-- What the exercise asks --
Word for word, return the lines below from the first through the line that has "High performance repair", dropping the pictures.

________________________

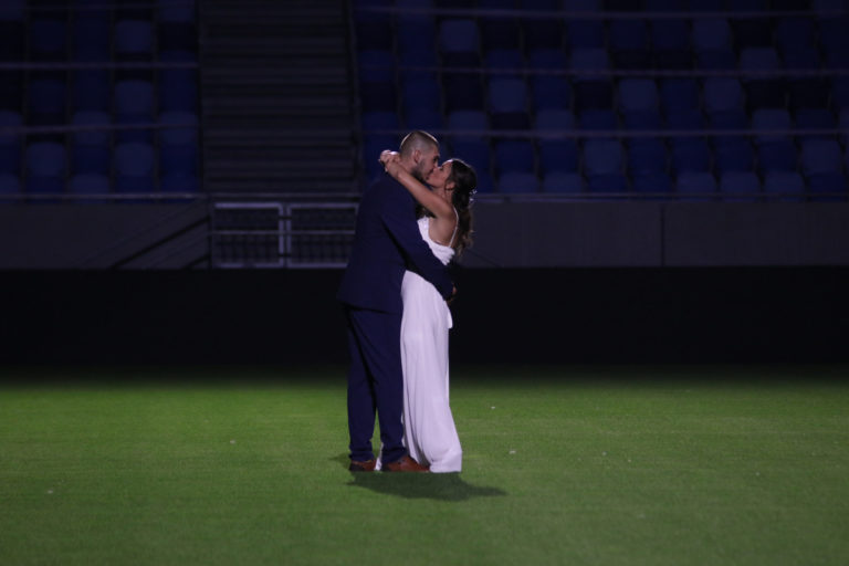 Mladomanželia Bekim a Žaneta Kjazimi počas ich svadobného tanca v rámci historicky prvej svadby na Národnom futbalovom štadióne. Bratislava, 8. august 2020. Foto: SITA/Alexandra Čunderlíková.
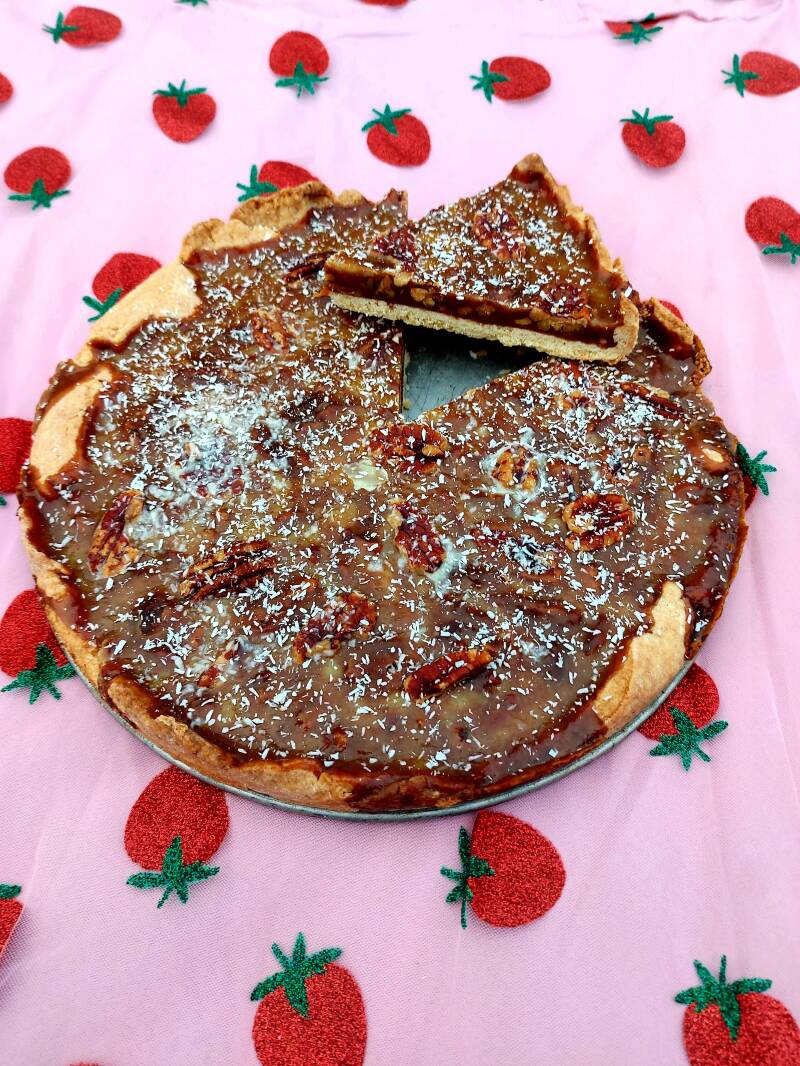 6. Leg de overgebleven pecannoten erop en strooi de kokos over de pie.
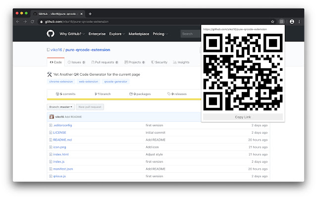- One-Click to show QR Code for the current page - Automatically replace `localhost` to local IP.Easy to share - Runs offline and free - WebExtension works with Chrome and Firefox
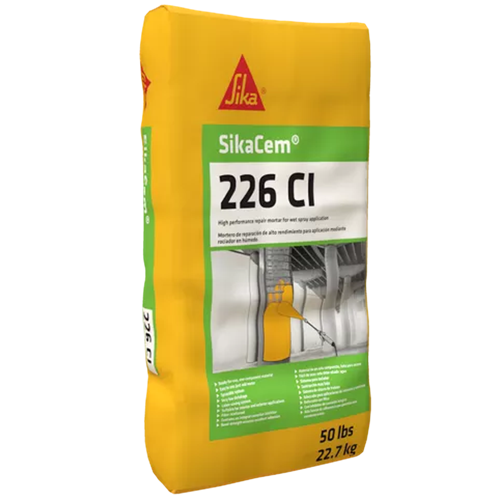 High performance repair mortar for wet spray application. One-component, cementitious, silica fume and fiber reinforced, shrinkage-compensated mortar for overhead and vertical surfaces.
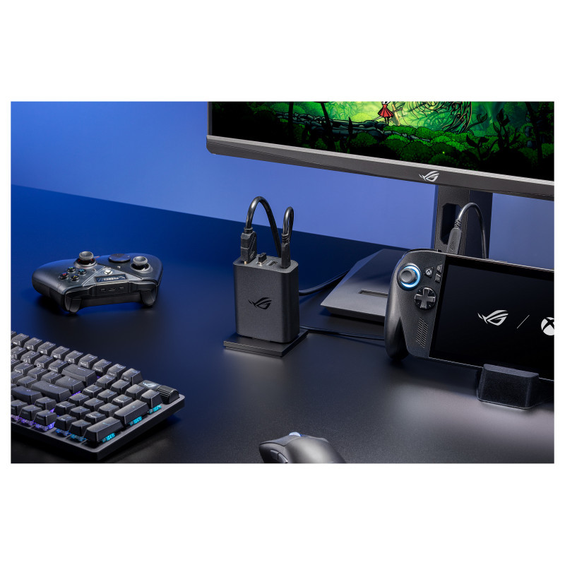 Charge, display, and expand your device's functionality with the ROG 100W Gaming Charger Dock. With up to 100W of power delivery, you can keep your laptop, smartphone, or handheld fully powered while connected to a larger screen via HDMI 2.0. Connect to a TV and enjoy couch play at 4K 60Hz or 1080p 120Hz with a controller, or connect to a monitor and plug a keyboard and mouse into the dual USB-A ports for the full battlestation experience.
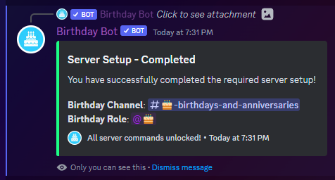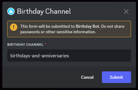 In this guide, we will be using Birthday Bot's interactive setup command.
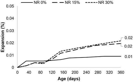 In addition to systems with reactive aggregates, the study of non-reactive systems, in which reactive AMFs and non-reactive aggregates are used, is very important but has not been extensively addressed in previous studies. This type of analysis was found in one study in which limestone fillers were used in percentages of 15% and 30% (50% replacing cement and 50% replacing sand) [69]. As observed in Figure 5, the use of the reactive AMFs resulted in increased expansions. Despite the different percentages, the expansions after 1 year for both replacement levels were similar. However, compared to the control curve, the average ultimate expansion was two times higher.
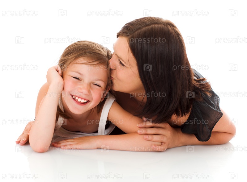 Мать и дочь на белом
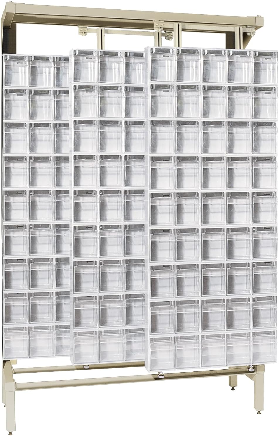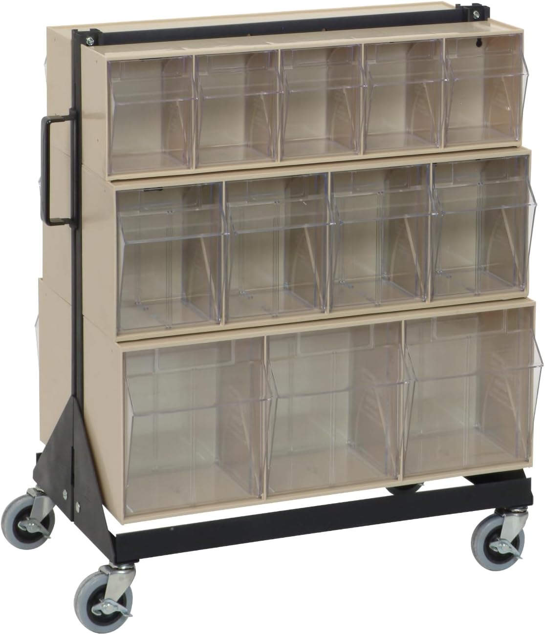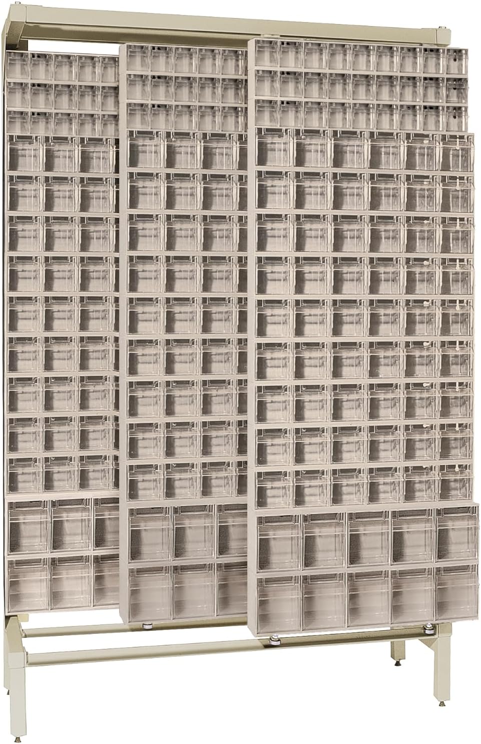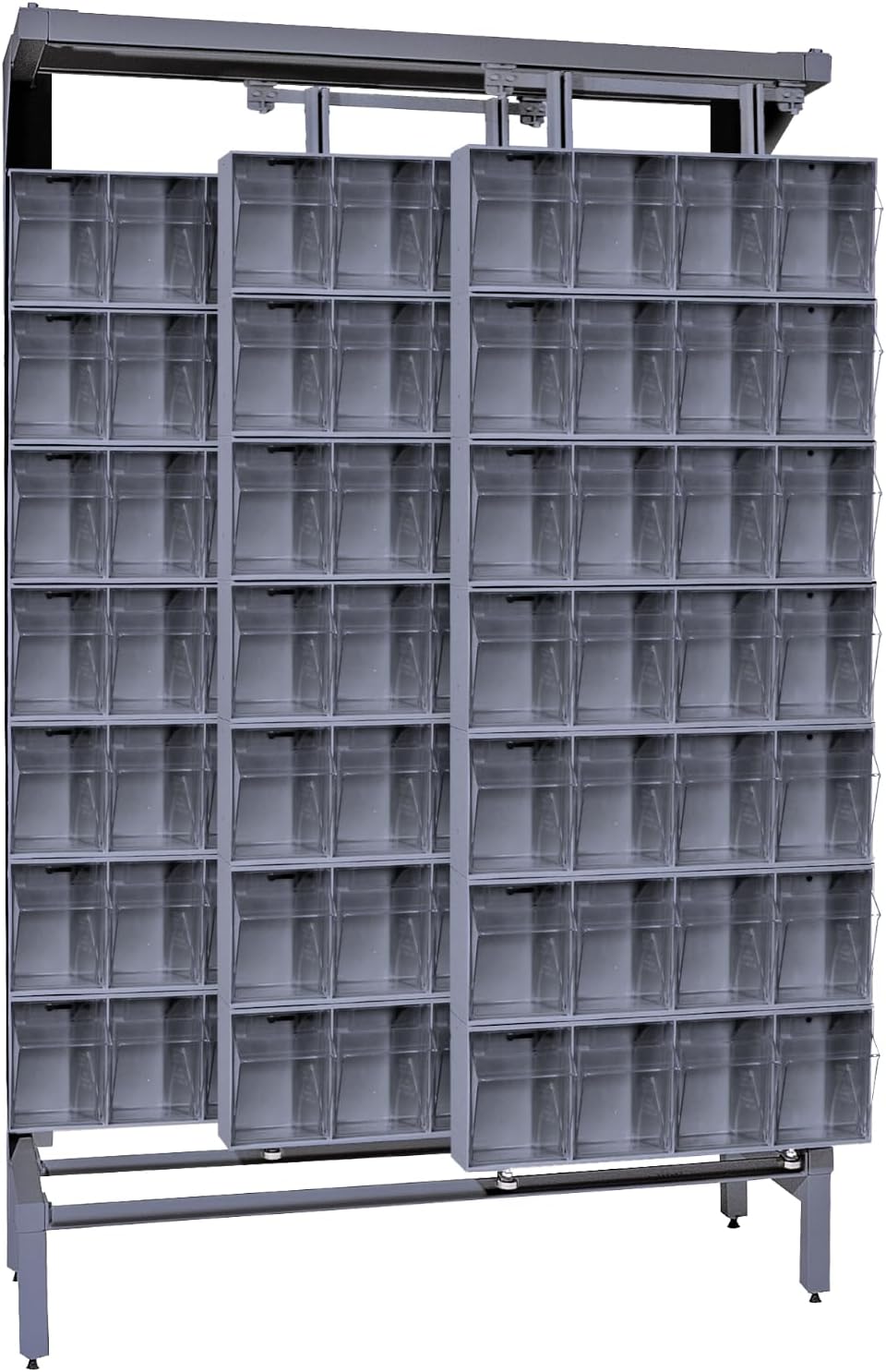 The Quantum QFS170-36WT 36 Drawer Tip Out Bin Stand is a complete, preconfigured storage solution engineered to organize and streamline small parts management. Measuring 75"H x 24"W x 10"D, this single sided bin rack is constructed from heavy-duty 14-gauge steel for dependable strength and stability, supporting up to 300 lbs. The unit includes 36 clear tip-out bins in multiple sizes, allowing you to sort and store a wide range of components while maintaining full visibility of contents. As a dedicated tip out bin stand, it keeps frequently used items accessible and neatly arranged, making it ideal for high-traffic work areas that require fast, accurate retrieval. Built to function as a reliable drawer bin organizer and parts storage stand, the Quantum QFS170-36WT enhances efficiency in workshops, maintenance departments, and supply rooms. Its vertical configuration maximizes floor space while serving as a hardware organizer rack, small parts cabinet, or inventory drawer rack. The durable powder coat finish and robust frame provide long-term structural performance in demanding commercial environments. Whether used as a workshop storage unit or supply organizer station, this commercial bin stand helps reduce search time, improve organization, and create a more productive, clutter-free workspace. Item Details: Container Weight: 84 lbs. Dimensions: 8" x 23-5/8" x 75" Bin Load: 36

________________________

-- Exercise solution --
 Mladomanželia Bekim a Žaneta Kjazimi počas ich svadobného tanca v rámci historicky prvej svadby na Národnom futbalovom štadióne. Bratislava, 8. august 2020. Foto: SITA/Alexandra Čunderlíková.
 6. Leg de overgebleven pecannoten erop en strooi de kokos over de pie.
- One-Click to show QR Code for the current page - Automatically replace `localhost` to local IP.Easy to share - Runs offline and free - WebExtension works with Chrome and Firefox
 High performance repair mortar for wet spray application. One-component, cementitious, silica fume and fiber reinforced, shrinkage-compensated mortar for overhead and vertical surfaces.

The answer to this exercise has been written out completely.